Data shown Block Start

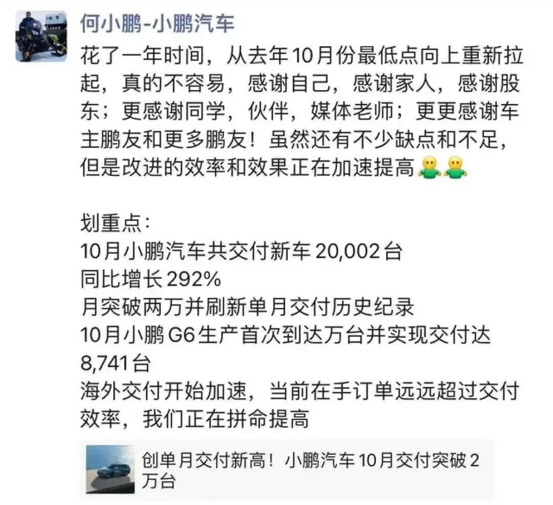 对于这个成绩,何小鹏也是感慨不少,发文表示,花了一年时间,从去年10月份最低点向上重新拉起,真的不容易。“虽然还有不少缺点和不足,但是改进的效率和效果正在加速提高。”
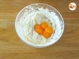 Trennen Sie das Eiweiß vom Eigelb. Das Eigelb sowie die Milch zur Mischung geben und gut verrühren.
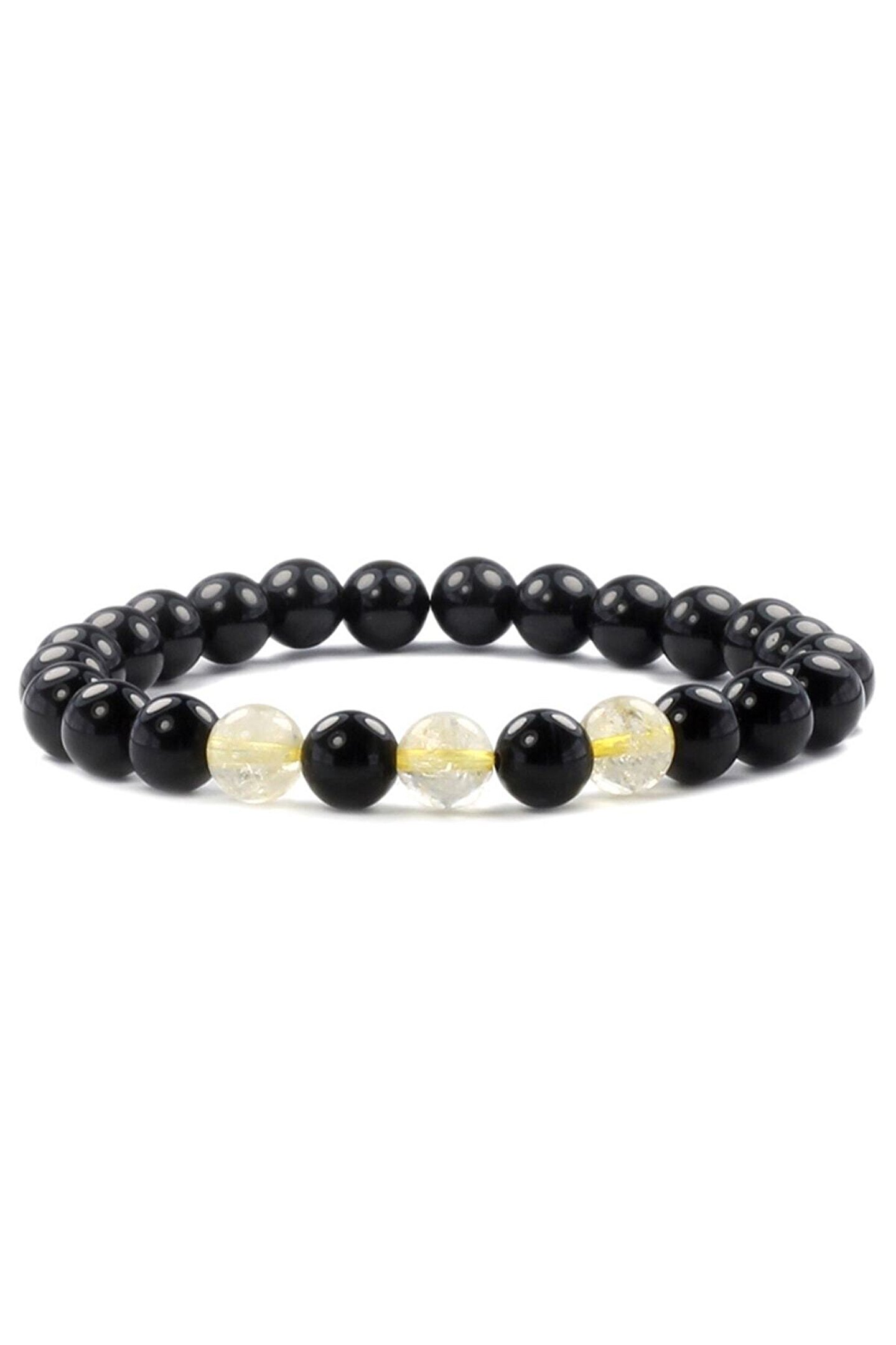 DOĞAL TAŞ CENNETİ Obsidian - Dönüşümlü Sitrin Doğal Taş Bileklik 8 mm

Data shown Block End

◆ **Description of the task**: In your answer, repeat the material above in full, exactly, and without its pictures.

◆ **Written reply**:
 对于这个成绩,何小鹏也是感慨不少,发文表示,花了一年时间,从去年10月份最低点向上重新拉起,真的不容易。“虽然还有不少缺点和不足,但是改进的效率和效果正在加速提高。”
 Trennen Sie das Eiweiß vom Eigelb. Das Eigelb sowie die Milch zur Mischung geben und gut verrühren.
 DOĞAL TAŞ CENNETİ Obsidian - Dönüşümlü Sitrin Doğal Taş Bileklik 8 mm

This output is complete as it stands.